Manju Wanniarachchi

Personal information
- Full name: Manju Dinesh Kumara Wanniarachchi
- Nickname: "Manju"
- Nationality: Sri Lankan
- Born: 2 December 1979 (age 46) Kandy, Sri Lanka
- Height: 5 ft 3 in (1.60 m)

Sport
- Club: Slimline Boxing Club

= Manju Wanniarachchi =

Sri Lankan boxer

Manju Dinesh Kumara Wanniarachchi (මංජු දිනේෂ් කුමාර වන්නිආරච්චි) (born 2 December 1979) is a Sri Lankan amateur boxer. He won a gold medal at the 2010 Commonwealth Games in the bantamweight category, defeating Sean McGoldrick in the final, but was later stripped of his medal after failing a drug test.
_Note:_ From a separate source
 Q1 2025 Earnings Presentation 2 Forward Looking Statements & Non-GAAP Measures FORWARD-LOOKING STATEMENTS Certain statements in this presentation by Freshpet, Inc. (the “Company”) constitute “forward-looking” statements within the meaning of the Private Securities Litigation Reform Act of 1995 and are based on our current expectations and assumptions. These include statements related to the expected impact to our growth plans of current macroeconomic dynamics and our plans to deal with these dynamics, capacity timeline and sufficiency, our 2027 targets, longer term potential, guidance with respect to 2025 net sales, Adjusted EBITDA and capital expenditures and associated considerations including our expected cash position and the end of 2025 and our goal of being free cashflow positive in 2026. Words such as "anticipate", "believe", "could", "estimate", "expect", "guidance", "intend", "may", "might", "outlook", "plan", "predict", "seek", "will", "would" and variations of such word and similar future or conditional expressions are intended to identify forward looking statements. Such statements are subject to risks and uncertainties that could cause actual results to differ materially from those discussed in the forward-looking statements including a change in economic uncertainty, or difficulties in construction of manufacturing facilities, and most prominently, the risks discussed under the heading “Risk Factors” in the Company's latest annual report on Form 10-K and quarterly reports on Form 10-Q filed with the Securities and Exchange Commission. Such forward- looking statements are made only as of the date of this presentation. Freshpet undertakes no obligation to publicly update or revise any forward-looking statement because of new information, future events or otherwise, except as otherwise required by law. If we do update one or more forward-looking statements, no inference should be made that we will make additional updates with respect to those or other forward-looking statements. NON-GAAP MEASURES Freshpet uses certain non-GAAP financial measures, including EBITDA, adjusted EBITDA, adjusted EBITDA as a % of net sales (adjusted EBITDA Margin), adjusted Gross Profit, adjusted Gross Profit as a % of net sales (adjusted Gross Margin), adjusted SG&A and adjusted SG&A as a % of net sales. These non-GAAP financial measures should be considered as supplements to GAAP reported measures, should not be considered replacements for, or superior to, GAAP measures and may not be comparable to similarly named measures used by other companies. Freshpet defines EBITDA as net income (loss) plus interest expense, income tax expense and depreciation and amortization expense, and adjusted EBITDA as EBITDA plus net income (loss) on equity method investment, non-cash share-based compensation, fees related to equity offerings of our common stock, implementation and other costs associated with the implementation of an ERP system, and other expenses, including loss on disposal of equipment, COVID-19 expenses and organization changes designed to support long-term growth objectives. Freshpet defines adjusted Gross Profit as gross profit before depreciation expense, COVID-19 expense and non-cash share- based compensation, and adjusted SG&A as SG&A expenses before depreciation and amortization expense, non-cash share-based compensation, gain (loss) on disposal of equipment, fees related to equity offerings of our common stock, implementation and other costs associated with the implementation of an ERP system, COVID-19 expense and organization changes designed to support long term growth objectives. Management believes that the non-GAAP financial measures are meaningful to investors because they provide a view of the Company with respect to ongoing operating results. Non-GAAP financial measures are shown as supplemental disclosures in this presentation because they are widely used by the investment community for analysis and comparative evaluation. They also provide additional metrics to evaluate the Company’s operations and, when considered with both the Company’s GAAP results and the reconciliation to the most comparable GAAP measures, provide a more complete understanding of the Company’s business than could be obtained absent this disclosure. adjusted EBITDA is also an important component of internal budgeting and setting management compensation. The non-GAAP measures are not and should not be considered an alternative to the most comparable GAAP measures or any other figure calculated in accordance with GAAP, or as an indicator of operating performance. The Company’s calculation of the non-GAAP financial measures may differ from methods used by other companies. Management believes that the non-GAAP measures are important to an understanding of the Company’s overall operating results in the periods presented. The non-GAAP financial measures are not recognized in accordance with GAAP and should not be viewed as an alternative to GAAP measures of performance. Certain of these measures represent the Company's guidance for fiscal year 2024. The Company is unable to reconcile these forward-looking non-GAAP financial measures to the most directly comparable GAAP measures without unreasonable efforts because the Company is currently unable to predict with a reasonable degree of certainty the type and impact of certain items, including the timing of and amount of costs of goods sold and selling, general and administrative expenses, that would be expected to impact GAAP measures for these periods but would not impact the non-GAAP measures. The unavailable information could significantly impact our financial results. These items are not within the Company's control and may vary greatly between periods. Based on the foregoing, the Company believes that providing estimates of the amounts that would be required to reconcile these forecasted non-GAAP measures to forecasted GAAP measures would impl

He is an old boy of Vidyartha College, Kandy.

==Drugs==
On 24 October 2010 National Olympic Committee of Sri Lanka announced that Wanniarachchi had passed a drug test taken during the Commonwealth Games. A urine sample provided by the boxer had contained viagra, a banned performance-enhancing drug. Wanniarachchi claims he passed the drug test due to the headache medication he was taking. Wanniarachchi subsequently failed the second doping test for a banned steroid. The Amateur Boxing Association of Sri Lanka said the "B" sample of 30-year-old Wanniarachchi's urine tested positive for nandrolone, a performance-enhancing substance. Wanniarachchi announced his intention to launch an appeal.
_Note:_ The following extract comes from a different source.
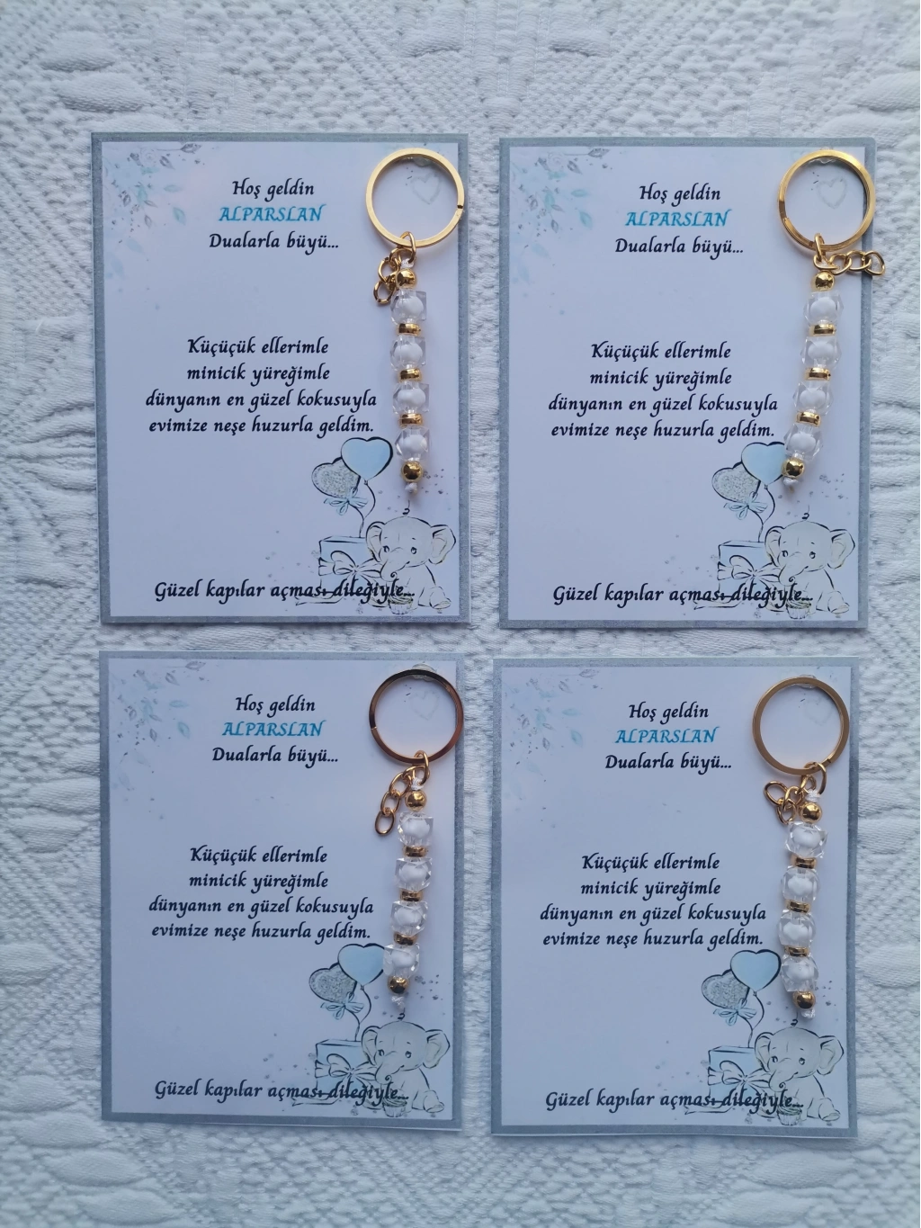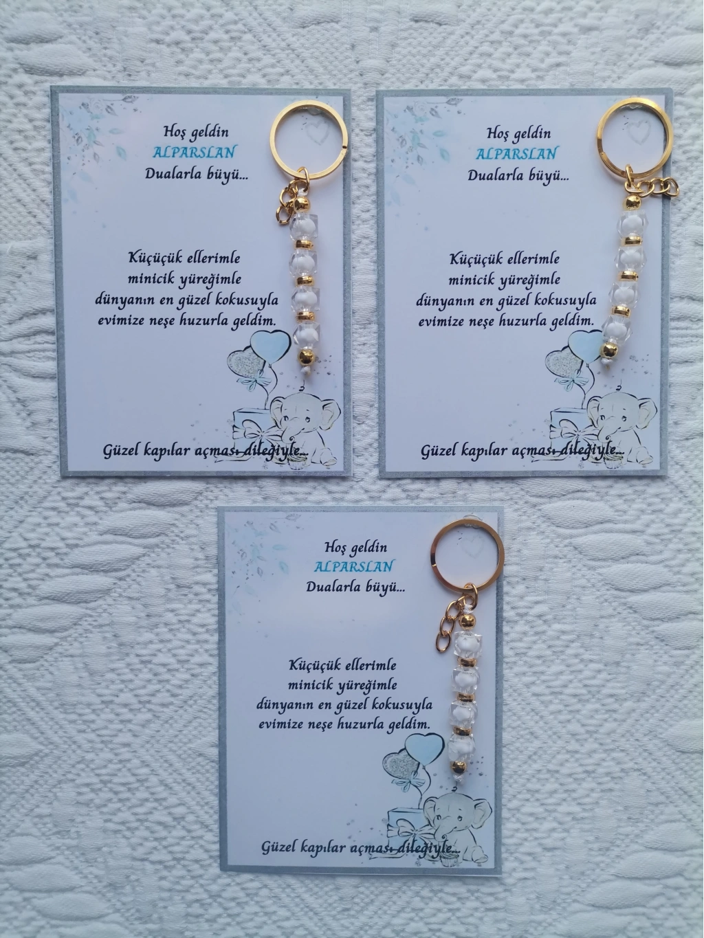 • 52 Adet İsme Özel Tasarım Beyaz Anahtarlık Hastane Yeni Doğan 40 Mevlidi Dağıtmalık Hediyelik

Wanniarachchi was suspended from all boxing meets by the National Anti Doping Organization of Sri Lanka in March 2011. The Commonwealth Games Federation stripped Wanniarachchi of his gold medal on 8 May 2011 after a meeting of Federation Court in Kuala Lumpur, Malaysia. On 23 May 2011, Wanniarachchi announced he was retiring from boxing. After the lapse of the appeal period, McGoldrick was awarded the gold medal on 6 June 2011.